Abstract

To analyze the anatomy of the ventricular septal defect (VSD) in heart specimens with interruption of the aortic arch (IAA), in order to confirm the hypothesis of different embryologic mechanisms for the different anatomic types of IAA. We examined 27 hearts from the anatomic collection of the French Reference Center for Complex Congenital Heart Defects with IAA, concordant atrioventricular and ventriculoarterial connections, and 2 distinct great arteries. Hearts were classified according to Celoria and Patton: type A, interruption distal to the distal subclavian artery (A), type B, between the distal subclavian and the carotid artery (B), type C, between the 2 carotid arteries (C).
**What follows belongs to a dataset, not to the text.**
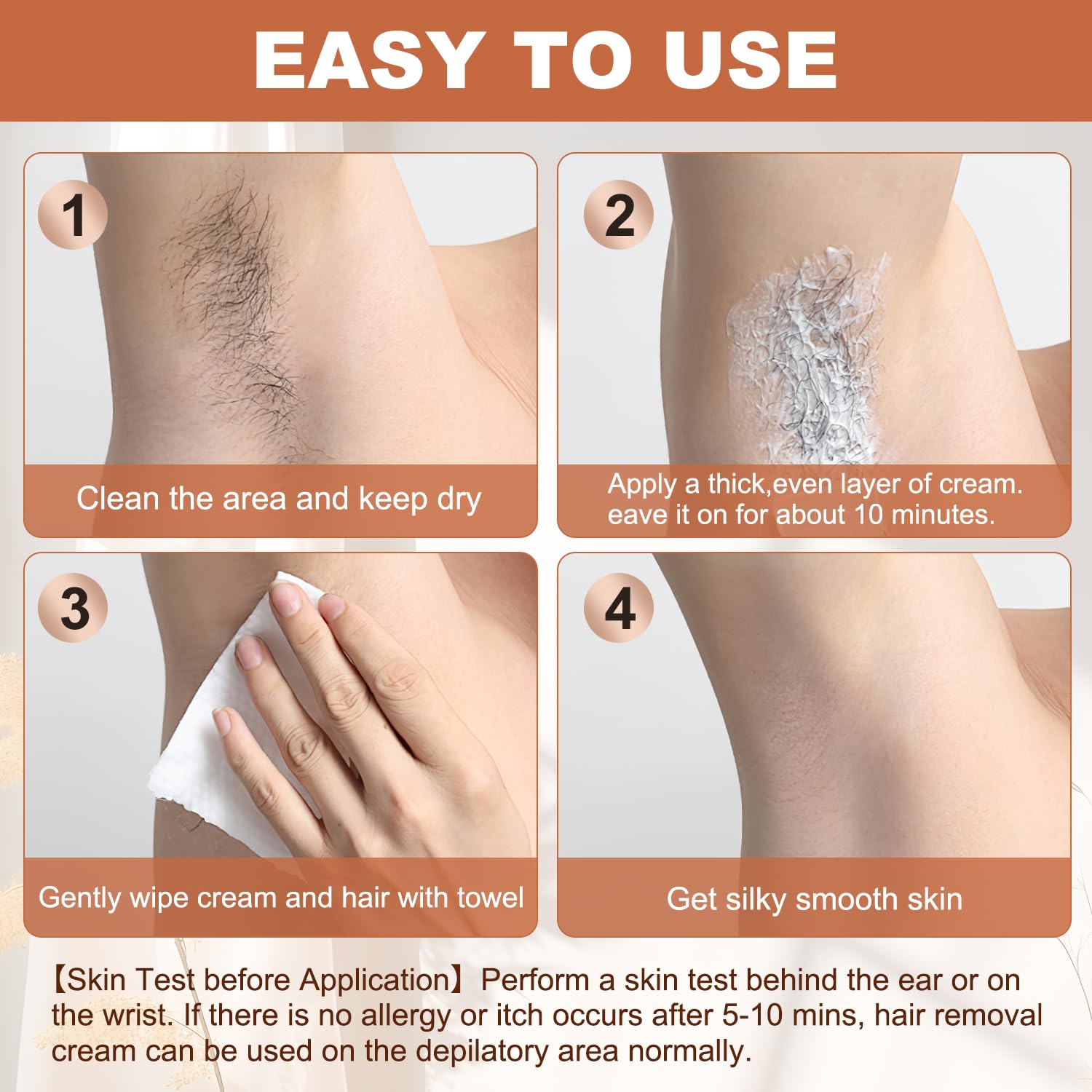 【Painless Depilatory Cream】Skin Test before Application,Perform a skin test behind the ear or on the wrist. If there is no allergy or itch occurs after 5-10 mins, hair removal cream can be used on the depilatory area normally. Suitable for bikini hair removal, arms, legs, underarms, butt, and all skin types.

We focused on the anatomy of the VSD viewed from the right ventricular side. There were 10 A, 17 B, no C. One A (with aortopulmonary window) and 1 B had no VSD. The VSD was conoventricular, located between the 2 limbs of the septal band (LSB), in 4/9 A and 16/16 B (p=0.005), with posterior deviation of the outlet septum. In A, the VSD was conoventricular in 4 with muscular rims in 2 and fibrous extension of the posterior LSB in 2, muscular in 3, membranous in 2. In B, the VSD had entirely muscular rims in 4, fibrous extension of the posterior LSB in 9, and was juxta-arterial in 3; there was no fibrous continuity between the tricuspid and aortic valve. The VSD in IAA type B is always conoventricular, with posterior deviation of the outlet septum, but without any fibrous tricuspid-aortic continuity. The VSD in IAA type A can be of any type. This reinforces the hypothesis of different pathogenic mechanisms responsible for the 2 types of IAA, and the inclusion of IAA type B in the group of conotruncal defects. The absence of fibrous tricuspid-aortic continuity indicates that the fibrous extension of the posterior LSB in some hearts may be due to the deviation of the outlet septum, due to an excessive rotation of the outflow tract.